Supplied data →
=== Begin Enclosure ===

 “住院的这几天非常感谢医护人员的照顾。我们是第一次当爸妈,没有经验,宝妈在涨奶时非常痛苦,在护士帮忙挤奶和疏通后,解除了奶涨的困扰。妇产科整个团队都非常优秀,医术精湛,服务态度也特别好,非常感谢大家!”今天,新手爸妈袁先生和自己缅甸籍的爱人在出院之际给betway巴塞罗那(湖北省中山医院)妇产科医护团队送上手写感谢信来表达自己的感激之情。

=== End Enclosure ===
=== Begin Enclosure ===

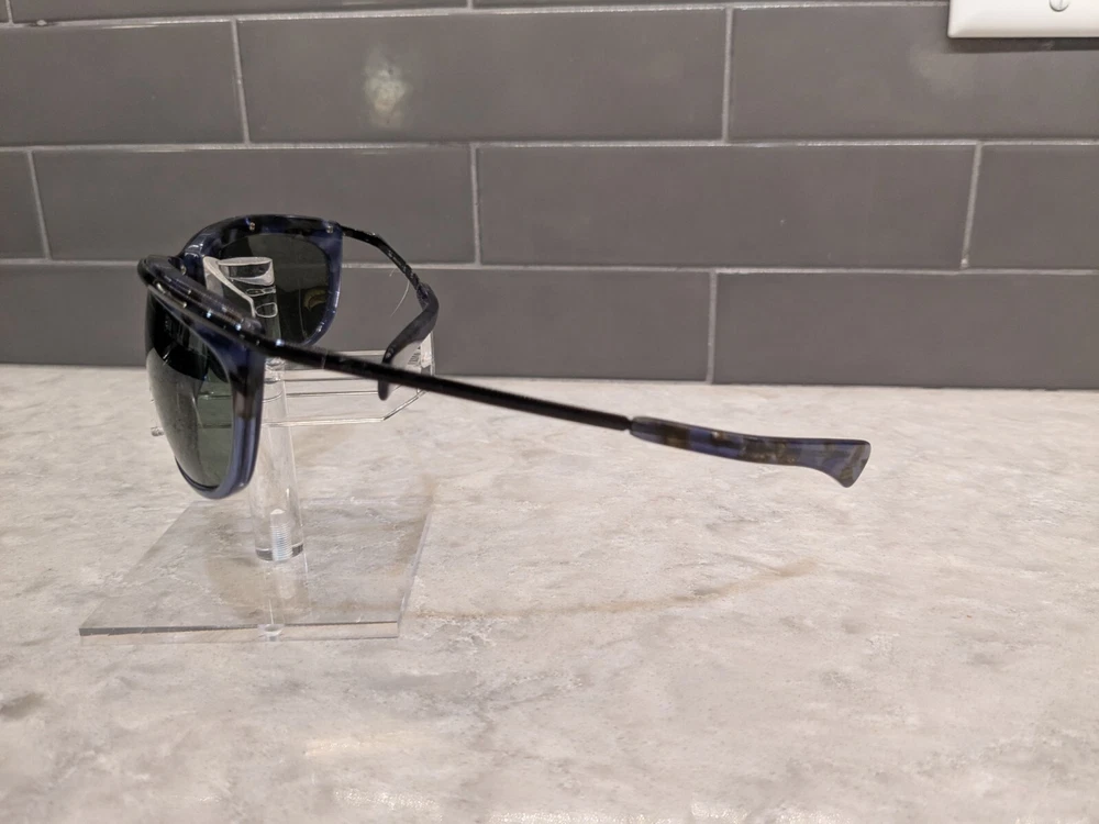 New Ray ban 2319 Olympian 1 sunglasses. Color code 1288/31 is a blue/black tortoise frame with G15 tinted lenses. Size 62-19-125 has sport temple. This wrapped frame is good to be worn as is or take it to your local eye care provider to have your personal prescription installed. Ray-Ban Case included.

=== End Enclosure ===
=== Begin Enclosure ===

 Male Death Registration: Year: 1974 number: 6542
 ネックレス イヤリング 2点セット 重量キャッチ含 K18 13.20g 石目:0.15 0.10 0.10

=== End Enclosure ===

What to produce → All that belongs in your answer is the stretch of entries above from the line with "Male Death Registration: Year: 1974" through the line with "ネックレス イヤリング 2点セット", printed exactly.

Answer to the problem →
 Male Death Registration: Year: 1974 number: 6542
 ネックレス イヤリング 2点セット 重量キャッチ含 K18 13.20g 石目:0.15 0.10 0.10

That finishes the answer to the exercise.